• [Aim of the task]
Reproduce the entries shown below only from the line with "Bedroom - Primary" down to the line with "賞品:それいけ!アンパンマン はじめてのブロックワゴン おともだちいっぱい!DX(3名様)", keeping both end lines and copying each one exactly.

• [Information supplied]
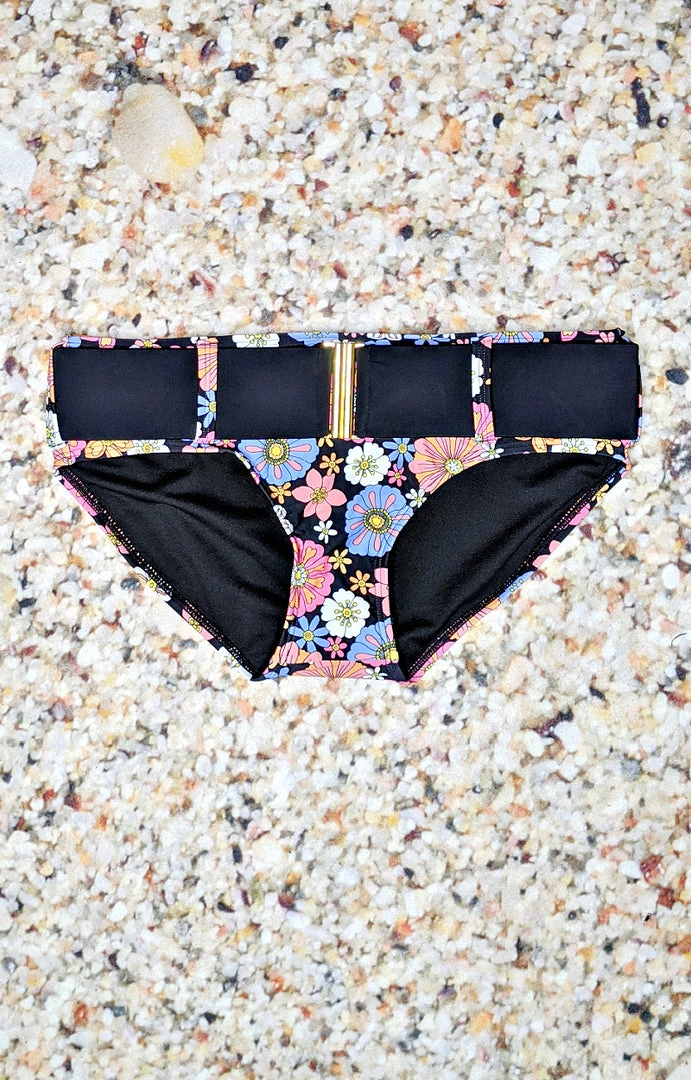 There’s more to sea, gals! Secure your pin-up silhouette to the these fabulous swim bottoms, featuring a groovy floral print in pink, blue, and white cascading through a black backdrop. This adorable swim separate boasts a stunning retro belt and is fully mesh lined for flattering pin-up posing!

...

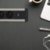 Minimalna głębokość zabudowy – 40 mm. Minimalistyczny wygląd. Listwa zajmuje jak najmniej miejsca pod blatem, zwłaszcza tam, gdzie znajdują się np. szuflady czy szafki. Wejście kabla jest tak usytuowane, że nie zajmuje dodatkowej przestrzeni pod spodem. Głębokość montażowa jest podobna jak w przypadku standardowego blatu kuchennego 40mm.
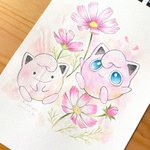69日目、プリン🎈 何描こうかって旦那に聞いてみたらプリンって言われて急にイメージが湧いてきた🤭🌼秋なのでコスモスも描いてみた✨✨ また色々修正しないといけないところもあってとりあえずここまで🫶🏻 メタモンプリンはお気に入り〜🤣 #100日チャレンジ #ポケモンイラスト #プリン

* * *

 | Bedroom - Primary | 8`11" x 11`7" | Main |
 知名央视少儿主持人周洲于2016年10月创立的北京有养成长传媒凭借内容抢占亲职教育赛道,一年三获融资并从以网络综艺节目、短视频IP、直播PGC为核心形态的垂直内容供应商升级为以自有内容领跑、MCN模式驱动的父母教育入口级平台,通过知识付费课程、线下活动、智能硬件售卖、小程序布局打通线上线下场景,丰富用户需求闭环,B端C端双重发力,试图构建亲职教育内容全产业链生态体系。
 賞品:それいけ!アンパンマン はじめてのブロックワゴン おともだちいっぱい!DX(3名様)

• [Completed exercise]
 | Bedroom - Primary | 8`11" x 11`7" | Main |
 知名央视少儿主持人周洲于2016年10月创立的北京有养成长传媒凭借内容抢占亲职教育赛道,一年三获融资并从以网络综艺节目、短视频IP、直播PGC为核心形态的垂直内容供应商升级为以自有内容领跑、MCN模式驱动的父母教育入口级平台,通过知识付费课程、线下活动、智能硬件售卖、小程序布局打通线上线下场景,丰富用户需求闭环,B端C端双重发力,试图构建亲职教育内容全产业链生态体系。
 賞品:それいけ!アンパンマン はじめてのブロックワゴン おともだちいっぱい!DX(3名様)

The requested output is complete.